The bill has been informed by testing with more than 14,000 consumers, as well as input from retailers, consumer groups, and energy ombudsman schemes.

“Over time, energy bills have become more complex and detailed in the level of information and usage calculations they provide, and our consumer research reveals this can turn customers off to seeking the help they need,” Ms Savage said.

“We know, for example, that low-income households spend up to 6 per cent of their disposable income on energy, twice the amount of average income households.

“We also know that people who have experienced financial hardship are more likely to find their bills difficult to understand. 

“At the same time, our research shows that these consumers rely on their bills for information about how to access financial help or make a complaint.

“Our Better Bills Guideline and the changes we are proposing are aimed at helping consumers make choices that are right for their inpidual circumstances.”

The draft guideline was created in response to a rule change proposed by the Federal Minister for Industry, Energy and Emissions Reduction, Angus Taylor. 

When finalised, it will require retailers to provide essential information upfront, to help consumers understand their plan, compare offers and consider switching to a better deal.

“Bills play an important role in supporting switching,” Ms Savage said. 

“Through our research, we heard that people want their retailer to tell them about cheaper plans, and for it to be easier to compare their plan with other offers.”

The research also showed that simple plan summaries in bills helped consumers better understand their plan. Specifically, a higher proportion of respondents who saw the plan summary (62 per cent) correctly understood the time of peak and off-peak periods compared to those who did not. 

The guideline proposes that energy retailers provide a short plan summary in a standardised format to help consumers understand their energy plan.

“People across Australia lead busy lives and have limited time to understand their energy bills, let alone check if they are on the best plan,” Ms Savage said.

“We want to do whatever we can to make life easier for all consumers, while assisting them to save money where possible.”

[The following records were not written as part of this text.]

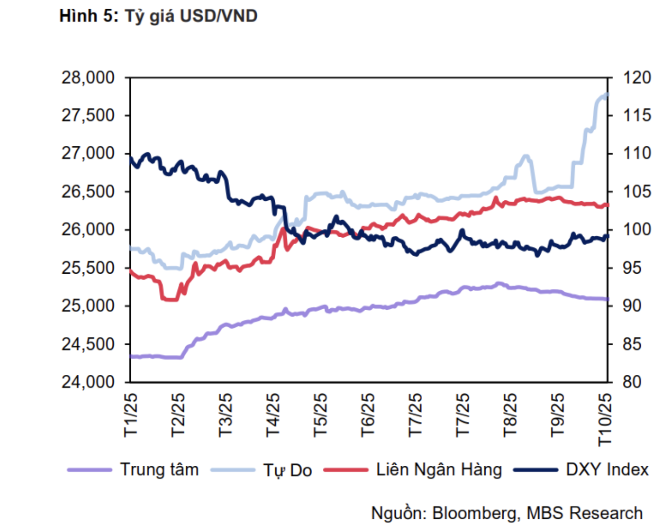 KBSV dự báo, trong quý IV/2025, tỷ giá USD/VND sẽ không tăng vượt quá 4% so với cuối năm 2024. Trong ngắn hạn, tỷ giá có thể xuất hiện những giai đoạn căng thẳng cục bộ do nhu cầu ngoại tệ cao đến từ hoạt động rút vốn của nhà đầu tư gián tiếp FII, các doanh nghiệp FDI chuyển lợi nhuận về nước, nhu cầu mua USD của kho bạc cũng như của các doanh nghiệp xuất khẩu…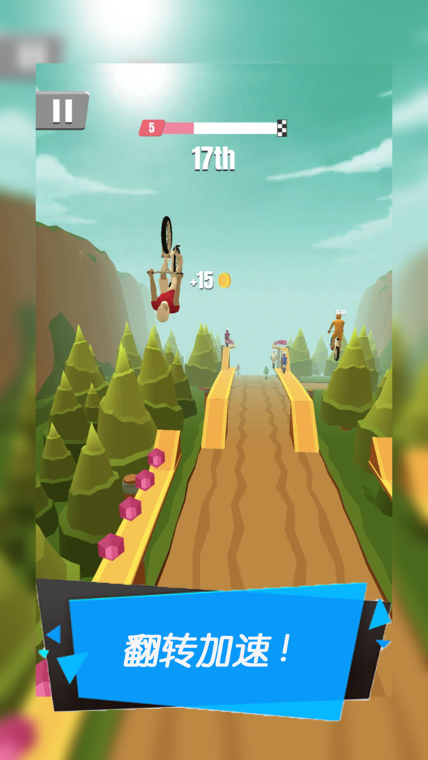 不同的是你要在空中控制好自己的平衡,注意不要翻车让对手超过你。这里有很多跳跃。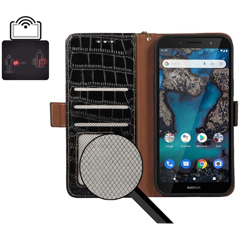 Crocodile Série Kožené Pouzdro na Peněženku s RFID pro Nokia G22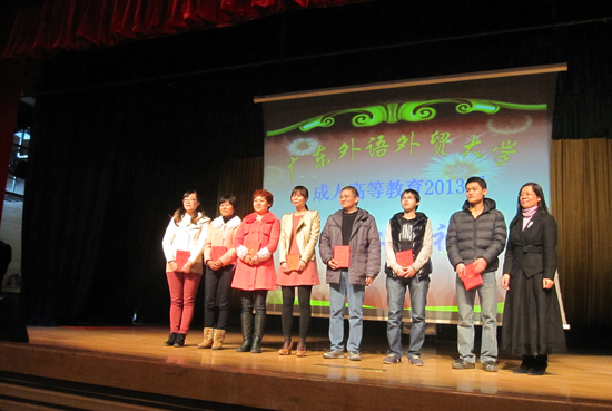 典礼的最后进入表彰环节,苏冬燕宣读了广外继教【2012】92号文《关于表彰成人高等教育2013届毕业生学习奖和优秀学生干部获得者的决定》。根据《广东外语外贸大学成人高等教育学习奖和优秀学生干部评选办法》的规定,学院对每一届毕业生中表现突者予以表彰。本届毕业生中共有28名同学获得“学习奖”一等奖、62名同学获得“学习奖”二等奖、65名同学获得“优秀学生干部”称号,何勇斌、苏冬燕及林碧玲分别向获奖的毕业生颁发荣誉证书并一起合影留念。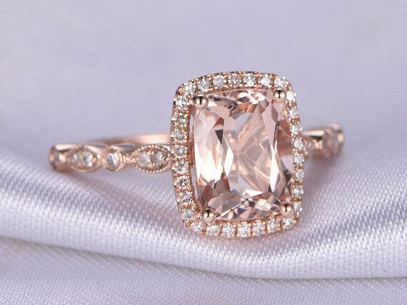 2.5ct Radiant Cut Peach Morganite Vintage Engagement Ring 14k Rose Gold Finish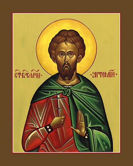 По това време в Антиохия се намирал египетският управител Артемий, известен като славен воин още при св. император Константин Велики. Той бил с Константин, когато на небето се появило чудното знамение на Христовия кръст. При царуването на Констанций на него било поръчано да пренесе от Ахаия в Цариград мощите на светите апостоли Андрей, Лука и Тимотей.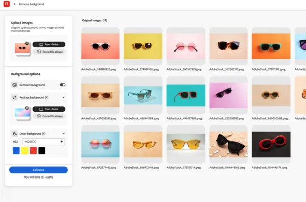 Bulk Create se danas pokreće u beta verziji i podeljen je na dva odvojena alata u Adobe Firefly web aplikaciji: "Remove Background" i "Resize". Prvi je prilično razumljiv već po imenu – korisnici mogu da otpreme slikovne datoteke u alat sa svog računara, Dropboxa ili Adobe Experience Managera i brzo uklanjaju pozadinu.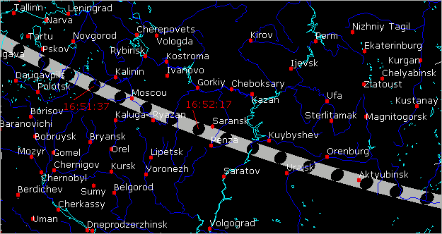 Корнелия (Cornelia) произойдет вечером 3 апреля 2000 года. Тень астероида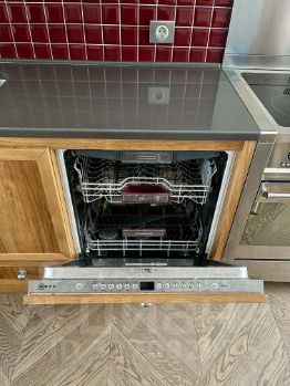 Установлена профессиональная напольная плита Smeg с духовкой и шестью конфорками. Техника Siemens и Liebherr.
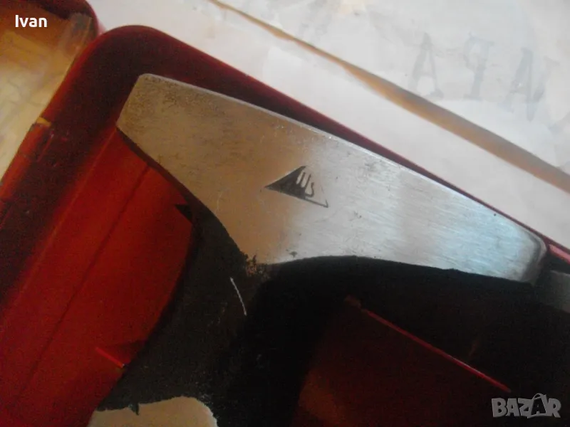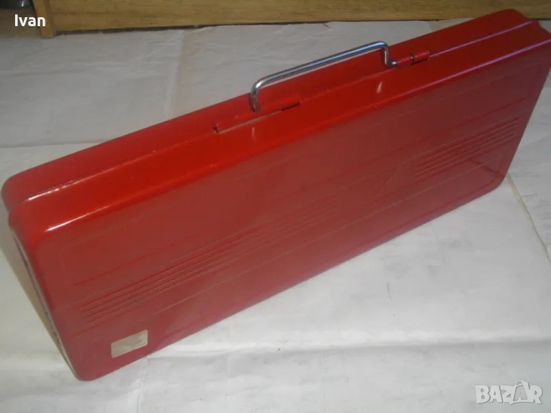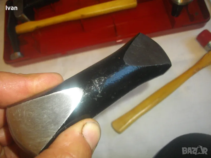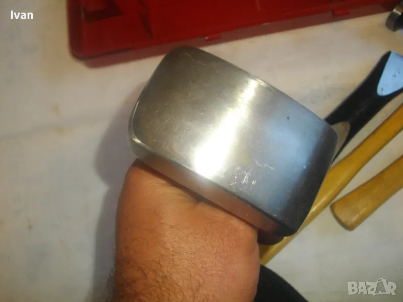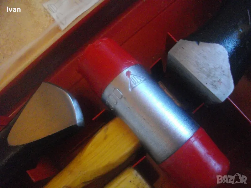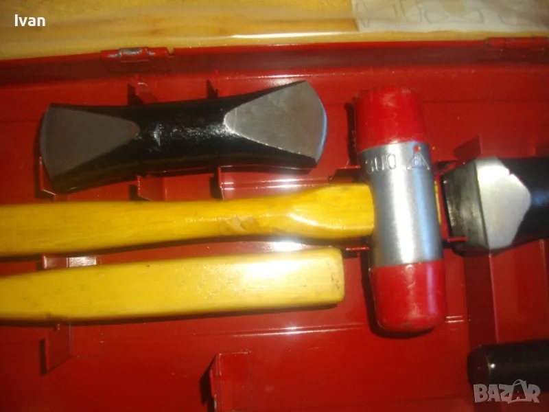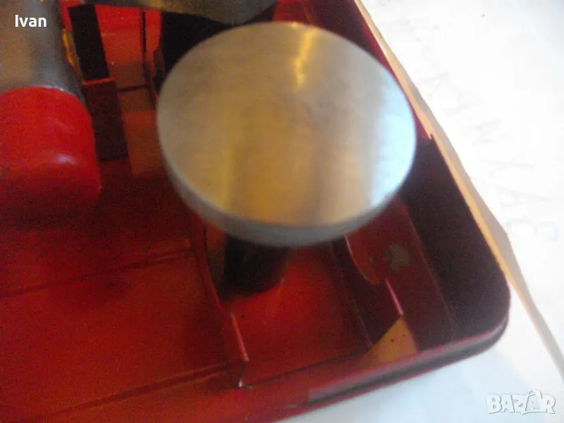 тенекеджийски чукове и наковални - старо качество ФРГ Smalcalda висок клас в метален червен куфар - цена 229 лв. Тегло на комплекта - 6,0 кг. Кутия метална с метална копчалка и размери 460 х 200 х 70 мм. Чукове - 2 броя ралични, наковални 4 броя различни. Всичките наковални и единия чук са съвсем нови, неизползвани, другия чук с червените крайща е ползван. Метала на наковалните е масивен, плътно желязо, закалено. Всички компоненти имат логото на западногерманския производител на профи инструменти Smаlcalda. Кутията също е с логото на марката. Кутията е с дунапренена подложка на горната си част върху инструменталиума. Цена на комплекта - 229 лв.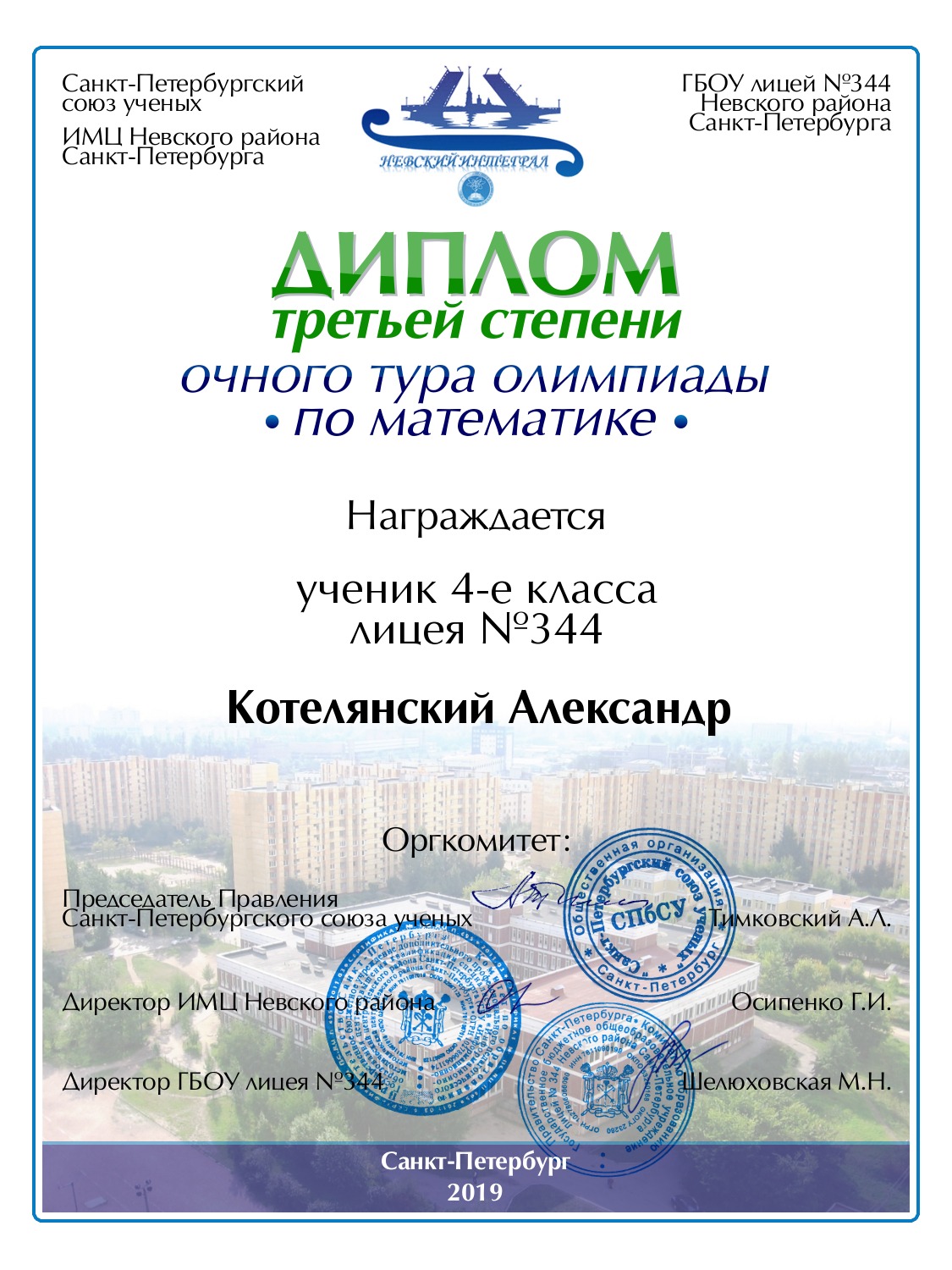 Котелянский Александр 344 4-е 33 Диплом 3 степени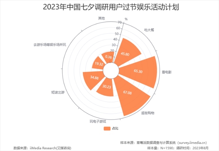 今年七夕恰逢工作日,大多數(shù)人選擇下班后再相聚?!爸袊呦?jié)日消費行為大數(shù)據(jù)調(diào)查”顯示,2023年消費者過節(jié)的娛樂活動計劃TOP3分別為:逛街購物、看電影、吃大餐。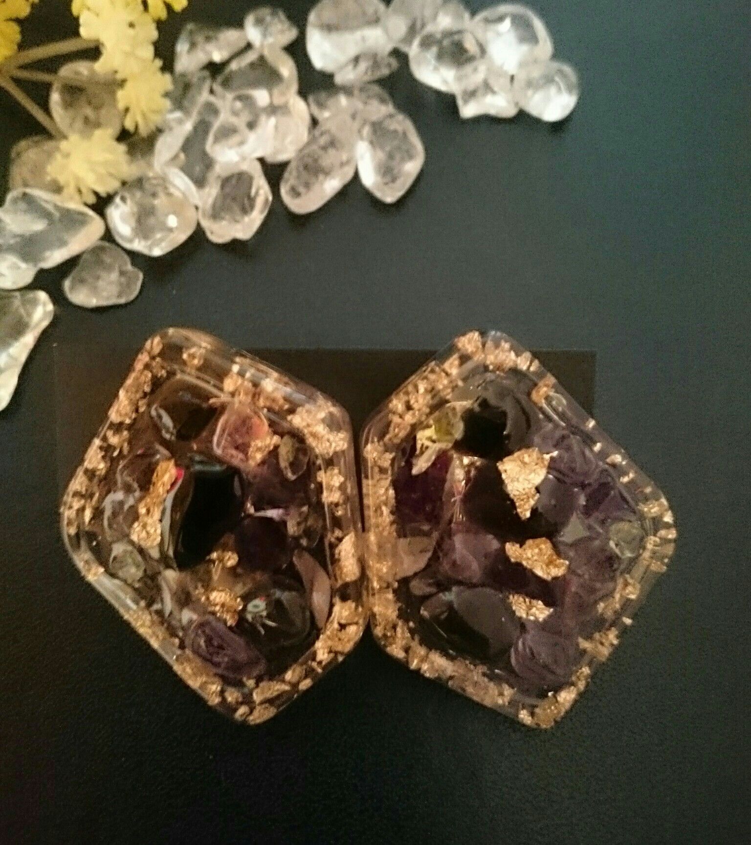 いつもご覧いただきありがとうございます 大好きなお花のシリコンモールドを使ったイヤリングとピアスです。アメジストとペリドットを敷き詰めてキラキラ綺麗です。 【花*天然石イヤリング・ピアス】はラクマにてご購入頂けますので、覗いてみてくださいね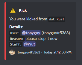- /kick <user> <reason> - Kicks a user, + privatemessage and logging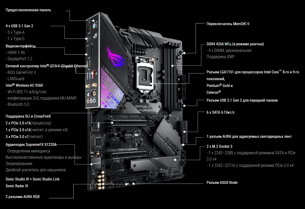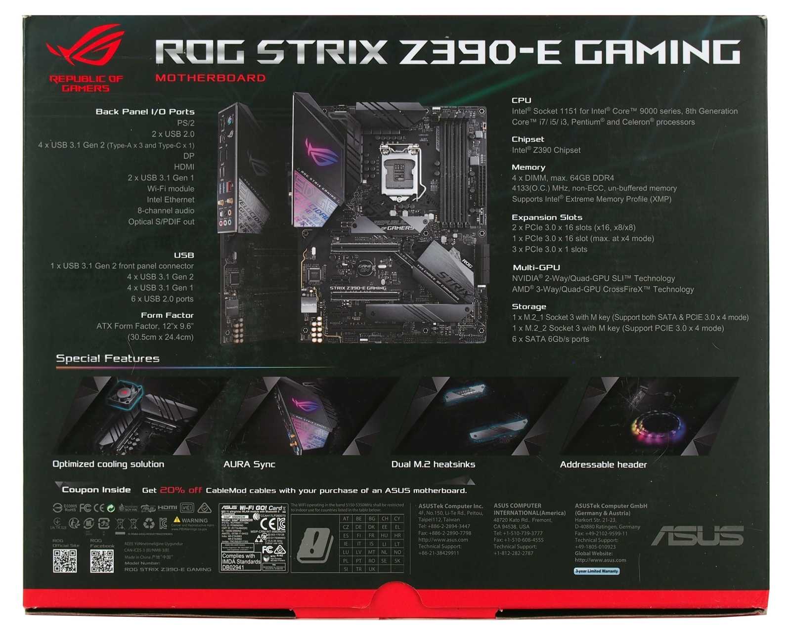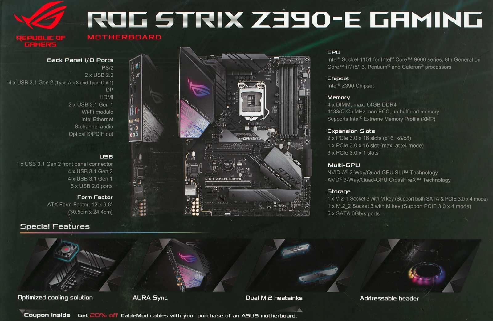 - Материнская плата: ASUS ROG STRIX Z390-E GAMING;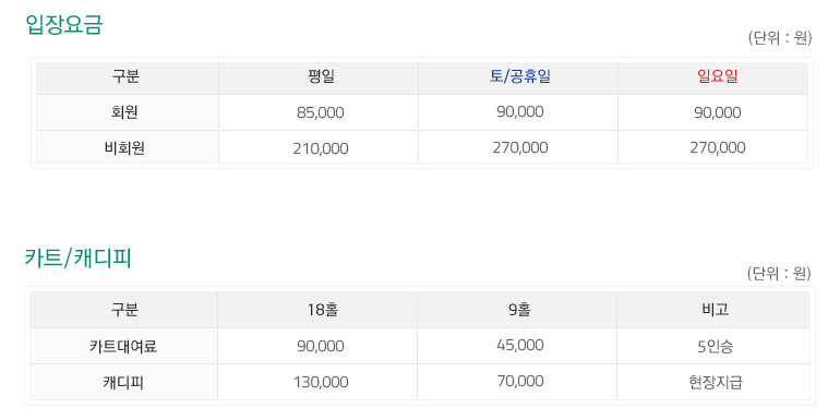 ◆ 양주cc 이용요금 및 예약 안내 ◆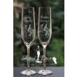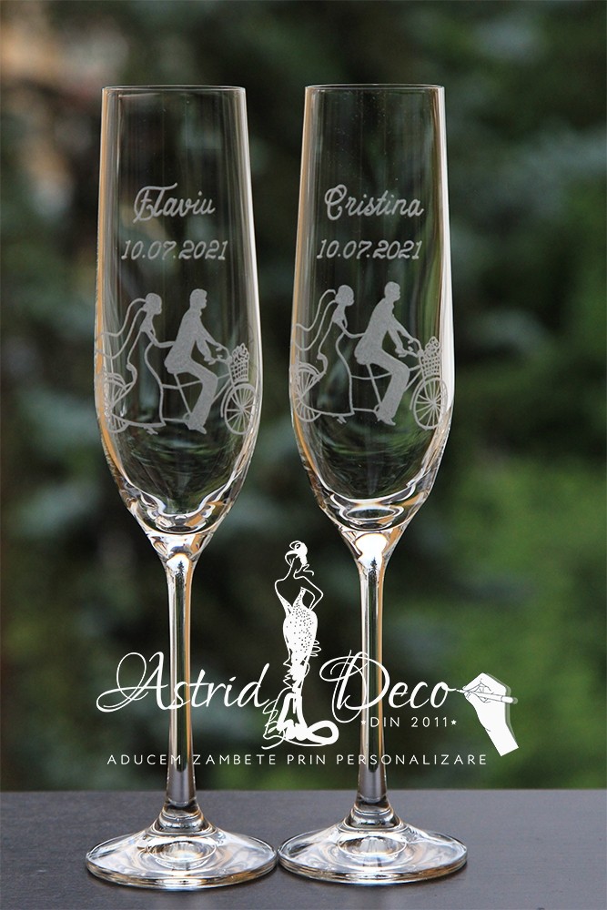 Set format din 2 pahare Bohemia de sampanie, pentru miri, gravate manual cu numele acestora, data nuntii si model miri pe bicicleta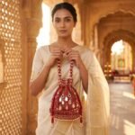 The bag’s exterior is adorned with a precise diamond-patterned bead lattice, interspersed with teardrop-shaped mirrors that provide a “shattered glass” sparkle. The bottom fringe detailing is composed of delicate seed beads and pearls, creating a graceful rhythmic motion as you walk. With its ornate beaded handle and plush drawstring tassels, this bag is a functional work of art. Whether paired with a contemporary gown or traditional ethnic attire, this statement bucket bag serves as the crown jewel of your ensemble.

The Better Bills Guideline proposes a tiered approach to billing information, to ensure consumers can easily access essential information.

The guideline sets out what is classified as Tier 1 information, which must be on the front page of a bill or the most prominent billing information seen online or on an app. 

The AER is proposing that this will include essential items such as name, address, payment amount, retailer contact details, a ‘better offer’ message, and a reference to the AER’s bill comparison service, Energy Made Easy.

Tier 2 information must be included next, including a standardised plan summary to help customers easily understand the key features of their plan, information about how their bill was calculated, comparing their previous usage, and where to get help.

The draft guideline also outlines five design principles that retailers would be expected to follow, and applies to all billing information:

  • Use simple language
  • Make the bill easy to understand
  • Make the most important information most prominent
  • Order the bill to make it easy to understand
  • Design with practices proven to enhance customer comprehension

Consultation is open until 31 January 2022, with the guideline to be finalised by 1 April 2022, for retailers to begin implementation starting 4 August 2022 to 31 March 2023.

The Better Bills Guideline is a key action in the AER’s draft Consumer Vulnerability Strategy, which has been released for consultation.

Stakeholder feedback will be collated for inclusion in the AER’s three-year Consumer Vulnerability Strategy, expected to be published mid-2022.